Mostly from documents a team already has, not a blank prompt and not the open web. Across every source uploaded to generate an episode on Jellypod, documents and files outnumber live web URLs by more than 7 to 1. Most generative AI marketing guides implicitly frame generation as starting from a prompt typed into a chat box. In practice, the highest-quality generative marketing content, audio included, starts from something a team already wrote: a report, a deck, a transcript, a set of notes, and the model's job is to turn that into a new format, not invent facts from nothing.
That distinction matters for marketing specifically, where accuracy and a real point of view carry more weight than in general-purpose content generation. Grounding generation in a real source is also what keeps an AI agent producing a channel accurate enough to publish with light review instead of a full rewrite.

Where does Jellypod fit into generative AI for marketing?
As the tool for the format the other guides skip. A blog post, a report, or a set of notes goes in; a scripted, voiced, produced episode comes out, generated from that source rather than narrated over it. It plugs into the rest of a content marketing automation stack the same way an image generator or a copy tool does: as one more format a team can produce without hiring for the skill directly.
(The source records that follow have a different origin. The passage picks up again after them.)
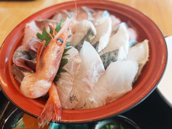 漁夫の水魚丸海鮮丼並には6種の海鮮がのっている
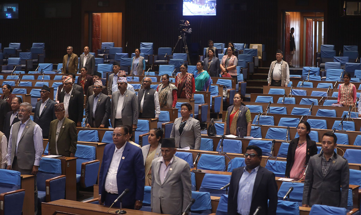 विपक्षी दलका सांसद पुन र खनालले बोलिसकेपछि सभामुख देवराज घिमिरेले कांग्रेस सांसद श्याम घिमिरेलाई बोल्न समय दिएका थिए। तर, विपक्षी सांसदहरू उठेर नाराबाजीमा उत्रिएपछि सभामुखले बैठक स्थगित भएको घोषणा गरे ।
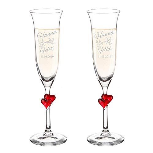 AMAVEL Flûtes à champagne tourtereaux personnalisées avec cœ...
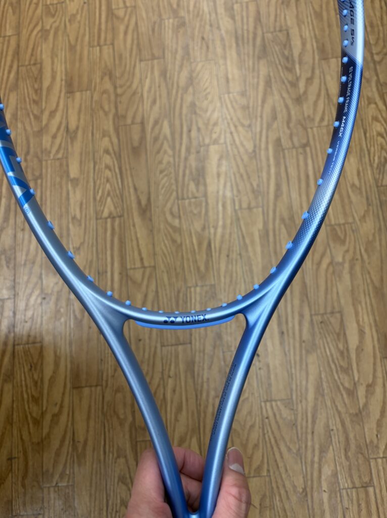 今回、弾き系ラケットでは久しぶりに、ストリングパターンが16×16になり、どの部分で1本減らしたのかな?ということを見ていたのですが、写真の通り、フレームの下半分がかなり目が粗く設定されており、ここで1本分を減らしているのであろう、と。
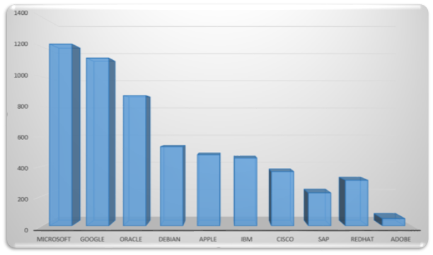 En el gráfico siguiente se pueden ver las vulnerabilidades por fabricante, Microsoft a la cabeza seguido muy de cerca por Google, y también se ve que Adobe está en la parte más baja, pero esto tiene una explicación y no precisamente hablamos de que los productos de Microsoft sean más vulnerables que otras, aunque así lo parezca, más que nada significa que su cuota de mercado es la más grande, por ello más «apetecible» para la comunidad de hackers y entonces el esfuerzo para hallar las debilidades es mayor, además, cada fabricante impulsa programas de incentivos, el cual se refiere a que el reporte de vulnerabilidades tiene recompensas, normalmente monetarias. Respecto a la creciente detección de vulnerabilidades en ciertos fabricantes, también hemos verificado que a mayor cantidad de vulnerabilidades descubiertas las respuestas también son rápidas en la publicación de actualizaciones de seguridad para solucionarlas.

Frequently asked questions
What is generative AI used for in marketing?
Most commonly: drafting ad and email copy, generating images and graphics, personalizing messages at scale, and powering chatbots. A newer and less-covered use is full audio generation, writing and producing a conversational episode from a source document rather than narrating an existing script.
Is AI-generated audio the same as text-to-speech?
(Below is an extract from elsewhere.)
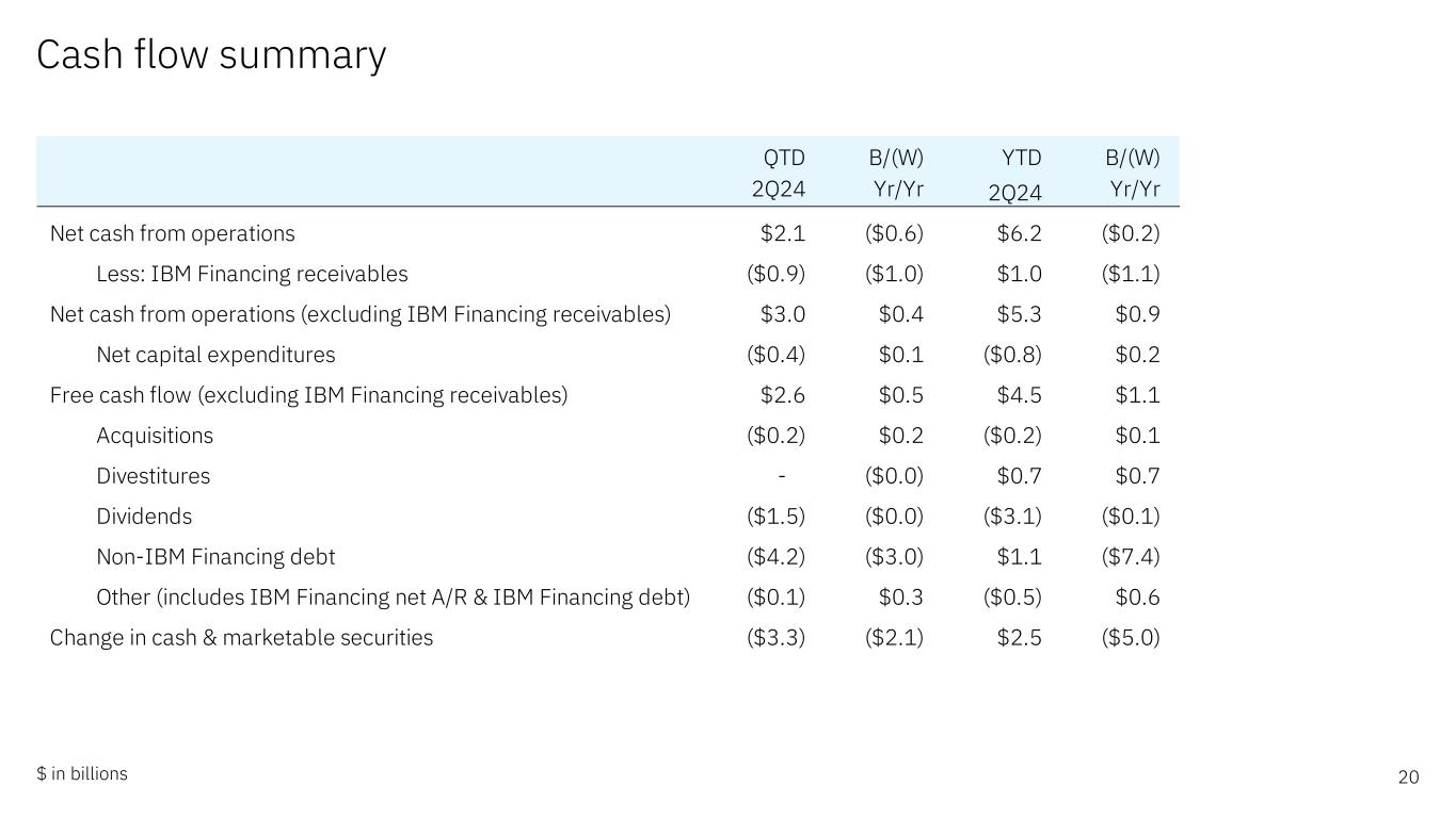现金流概要20美元十亿QTD B/(W)YTD B/(W)2Q24 YR/YR 2Q24 YR/YR来自运营的净现金$ 2.1($ 0.6)$ 6.2($ 0.2)减:IBM应收融资款($ 0.9)($ 1.0)$ 1.0($ 1.1)来自运营的净现金(不包括丨应收融资款)$ 3.0 $ 0.4 $ 5.3 $ 0.9净资本支出($ 0.4)$ 0.1($ 0.8)$ 0.2自由现金流(不包括应收IBM融资款)$ 2.6 $ 0.5 $ 4.5 $ 1.1收购($ 0.2)$ 0.2($ 0.2)$ 0.1资产剥离-($ 0.0)$ 0.7 $ 0.7股息($ 1.5)($ 0.0)($ 3.1)($ 0.1)非IBM融资债务($ 4.2)($ 3.0)$ 1.1有价证券(3.3美元)(2.1美元)2.5美元(5.0美元)

No. Text-to-speech reads an existing script aloud. Generative audio, the kind Jellypod produces, writes the script from a source first, deciding what to say and how to structure the conversation, then produces the audio. The generation happens in the writing step, not just the voice.
What generative AI tools do marketers actually use?
Copywriting tools for ad and email drafts, image generators for creative assets, chatbot platforms for support and lead qualification, and increasingly audio tools for turning source content into episodes. Jellypod covers the audio category specifically, generating a script and a produced conversation from a document, report, or set of notes.
Can generative AI create a full marketing podcast episode?
Yes. Given a source document, a URL, or notes, an AI tool can write the script, choose or clone a voice, generate the audio, and produce a finished episode, without a person recording anything. Review before publishing is standard practice, the same way a marketer reviews AI-drafted copy before it ships.
Why don't more generative AI marketing guides mention audio?
Mostly because the guides were scoped around older text-to-speech tools, which only narrated existing scripts and did not feel generative. Full script-to-audio generation, where the AI decides what to say and produces a complete conversation, is newer and has not made it into most existing lists yet, even though the technology is mature.
The short version
Generative AI for marketing guides cover the same four things almost every time: copy, images, chatbots, personalization. Audio is fully generative, source in, scripted and produced conversation out, and it is still missing from most of that list, mostly because the category grew up after the guides were written. Jellypod generates that format specifically, grounded in a source document rather than invented from a blank prompt, which is also closer to how the highest-quality generative marketing content actually gets made across every format, not just audio.